--- RECORDS TO PROCESS Enclosed Below ---
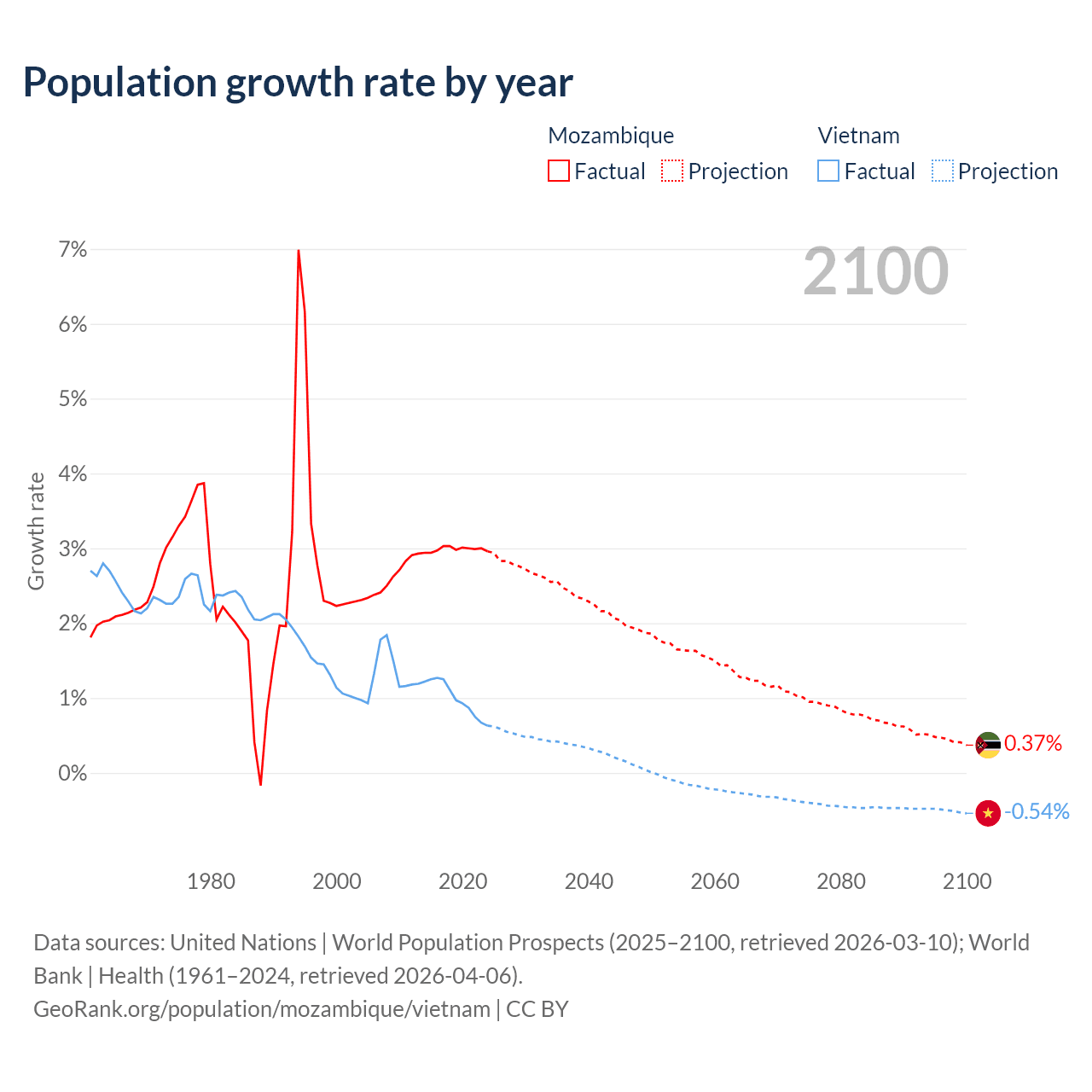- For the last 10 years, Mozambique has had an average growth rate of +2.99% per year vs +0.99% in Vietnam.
--- End of Enclosed RECORDS TO PROCESS ---
--- RECORDS TO PROCESS Enclosed Below ---
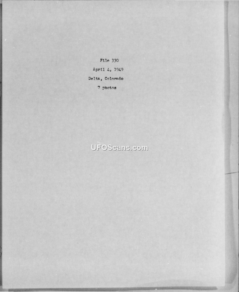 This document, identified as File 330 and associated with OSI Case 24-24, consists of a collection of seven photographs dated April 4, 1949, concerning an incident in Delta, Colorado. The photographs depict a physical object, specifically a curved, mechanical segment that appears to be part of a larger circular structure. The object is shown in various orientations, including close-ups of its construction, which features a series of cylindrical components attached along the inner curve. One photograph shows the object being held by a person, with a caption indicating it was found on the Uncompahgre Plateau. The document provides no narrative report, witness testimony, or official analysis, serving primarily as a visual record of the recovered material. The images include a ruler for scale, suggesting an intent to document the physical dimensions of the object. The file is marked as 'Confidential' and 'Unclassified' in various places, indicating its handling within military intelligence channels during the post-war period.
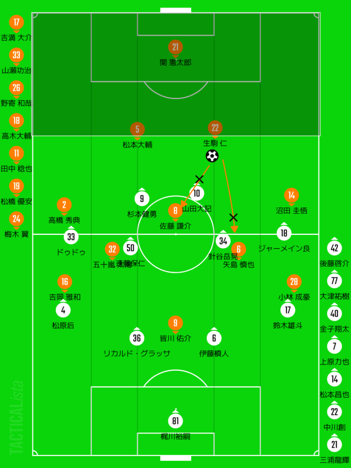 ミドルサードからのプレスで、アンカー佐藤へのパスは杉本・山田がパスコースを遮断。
--- End of Enclosed RECORDS TO PROCESS ---
Would you give again, exactly, the lines in the data above that run from the line containing "This document, identified" to the line containing "ミドルサードからのプレスで、"? Include both ends and no pictures.

ANSWER FOR THIS EXERCISE:
 This document, identified as File 330 and associated with OSI Case 24-24, consists of a collection of seven photographs dated April 4, 1949, concerning an incident in Delta, Colorado. The photographs depict a physical object, specifically a curved, mechanical segment that appears to be part of a larger circular structure. The object is shown in various orientations, including close-ups of its construction, which features a series of cylindrical components attached along the inner curve. One photograph shows the object being held by a person, with a caption indicating it was found on the Uncompahgre Plateau. The document provides no narrative report, witness testimony, or official analysis, serving primarily as a visual record of the recovered material. The images include a ruler for scale, suggesting an intent to document the physical dimensions of the object. The file is marked as 'Confidential' and 'Unclassified' in various places, indicating its handling within military intelligence channels during the post-war period.
 ミドルサードからのプレスで、アンカー佐藤へのパスは杉本・山田がパスコースを遮断。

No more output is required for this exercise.